Ответ на это вопрос вытекает из вышеизложенной характеристики нормативно-правового регулирования этих отношений, а именно то, что предписания, содержащиеся в законе и Стандартных правилах, являются императивными и не подлежат изменению.

Следовательно, «личность» страховщика и страхователя не влияет на содержание обязательного страхового правоотношения. Вне зависимости от того, какая страховая организация будет выступать страховщиком в отдельно взятом договоре страхования, условия страхования будут такими же. Поскольку «личность» страховщика не влияет на содержание договора страхования, следовательно, количество страховщиков не влияет на саму суть обязательного страхования и субъектный состав не может быть положен в основу отнесения обязательного страхования к частноправовому или публично-правовому институту.

Но необходимо обратить внимание еще на один момент, характеризующий обязательное страхование, – не только повышенный контроль за реализацией страхователями и страховщиками предписаний закона об осуществлении обязательного страхования со стороны уполномоченных государственных органов, но и «вмешательство» государственных органов во взаимоотношение самостоятельных хозяйствующих субъектов – страхователя и страховщика. Например, при страховании ответственности организаций, эксплуатирующих опасные производственные объекты, таким органом является в настоящее время Федеральная служба по экологическому, технологическому и атомному надзору [9].

Такое «вмешательство» государственных органов в сферу страхования проявляется в компетенции Федеральной службы по экологическому, технологическому и атомному надзору, которые достаточно объемны. Так, например, при выдаче лицензии она проверяет наличие у соискателя лицензии договора страхования, проверяет содержание договора на соответствие нормативным актам, контролирует правильность идентификации опасных производственных объектов и соответствия их отнесения к категориям по обязательному страхованию ответственности нормативным требованиям, контролирует правильность выполнения страховыми организациями, имеющими право на страхование ответственности организаций, эксплуатирующих опасные производственные объекты, условий, установленных договором страхования, представляются ежеквартальные отчеты о ходе проведения страхования ответственности за причинение вреда при эксплуатации опасных производственных объектов [10].

Компетенция государственных органов в рамках обязательного страхования, минимальная самостоятельность (вернее, ее отсутствие) сторон договора страхования при определении условий договора страхования говорят о высокой степени вмешательства публично-правовых образований в хозяйственную деятельность организаций – страхователя и страховщика. Такое вмешательство государственных органов свидетельствует, что обязательное страхование имеет повышенный интерес к себе со стороны государства в связи с особым общественным значением. Но повышенное внимание со стороны государственных органов не меняет правовую сущность обязательного страхования – частноправовой характер страхового правоотношения.

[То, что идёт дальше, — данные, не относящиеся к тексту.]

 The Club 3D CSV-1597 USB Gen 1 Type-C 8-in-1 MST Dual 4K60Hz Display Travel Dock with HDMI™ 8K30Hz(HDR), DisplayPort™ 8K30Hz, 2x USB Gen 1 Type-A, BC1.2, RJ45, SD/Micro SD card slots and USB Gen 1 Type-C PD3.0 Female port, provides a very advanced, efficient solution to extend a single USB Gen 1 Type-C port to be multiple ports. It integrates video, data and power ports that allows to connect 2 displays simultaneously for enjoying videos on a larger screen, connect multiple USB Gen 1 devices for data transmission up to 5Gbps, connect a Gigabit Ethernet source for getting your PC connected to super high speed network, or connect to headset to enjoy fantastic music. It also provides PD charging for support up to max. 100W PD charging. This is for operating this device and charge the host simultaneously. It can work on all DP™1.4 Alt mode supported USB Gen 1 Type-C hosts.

Таким образом, бесспорным является вывод, что обязательное страхование, в том числе и такие имеющие существенные особенности, являются институтом гражданского права и к публичным отраслям права не имеют непосредственного отношения.

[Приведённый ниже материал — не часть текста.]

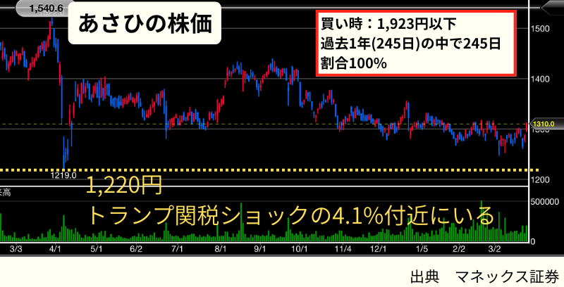 現在(2026年3月)はすでに買い時の水準を推移しています。暴落時には最大4.1%(株価1,220円)まで下落する可能性も念頭に置いておきましょう。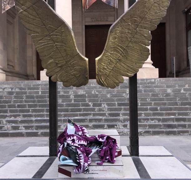 Los guardias de seguridad del Palacio de Gobierno de Chihuahua tomaron nota de un inusual hallazgo frente al edificio estatal, específicamente en las llamadas “Alas de México”. Se descubrió un atuendo indígena envuelto en lonas sobre la escalinata ubicada en la calle Libertad entre Carranza y Vicente Guerrero.

Для подтверждения данного вывода необходимо обратиться к теории права, которой разработаны признаки, позволяющие определить принадлежность того или иного правового института к сфере публичного или частного права.

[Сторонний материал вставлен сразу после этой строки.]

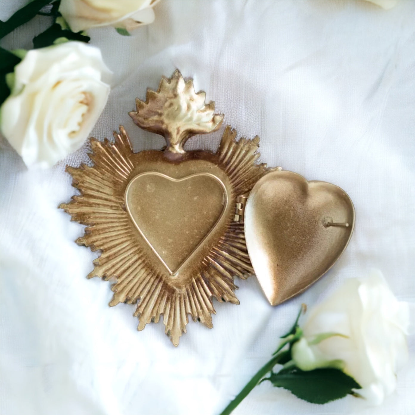 MILAGRO SACRED HEART - The Milagro Heart, deriving its name from the Spanish word for miracle, is a religious folk charm that holds special significance. It can be suspended on altars or worn around the neck of Santos dolls or statues. Within this vintage reproduction design, the heart opens to reveal a sacred space where prayers, wishes, notes of gratitude, a photo, or thanks can be placed. Equipped with a hook on the back, it can also be hung if desired. This cherished item, also known as an ex-voto or sacred heart, serves multiple purposes, including use as a Christmas ornament, holiday decoration, or christening gift.

Основанием отнесения тех или иных отношений к предмету публичного или частного права служит не только метод их регулирования – диспозитивный или же императивный, но в первую очередь предмет правого регулирования – то есть отношения, которые подлежат регулированию.

Предметом регулирования частного права, а именно гражданского права, являются частные интересы отдельно взятого лица, что и имеет место при обязательном страховании – договор обязательного страхования касается только конкретного лица – страхователя и направлен на защиту имущественных интересов только этого лица, но не государства или иного публично-правового образования.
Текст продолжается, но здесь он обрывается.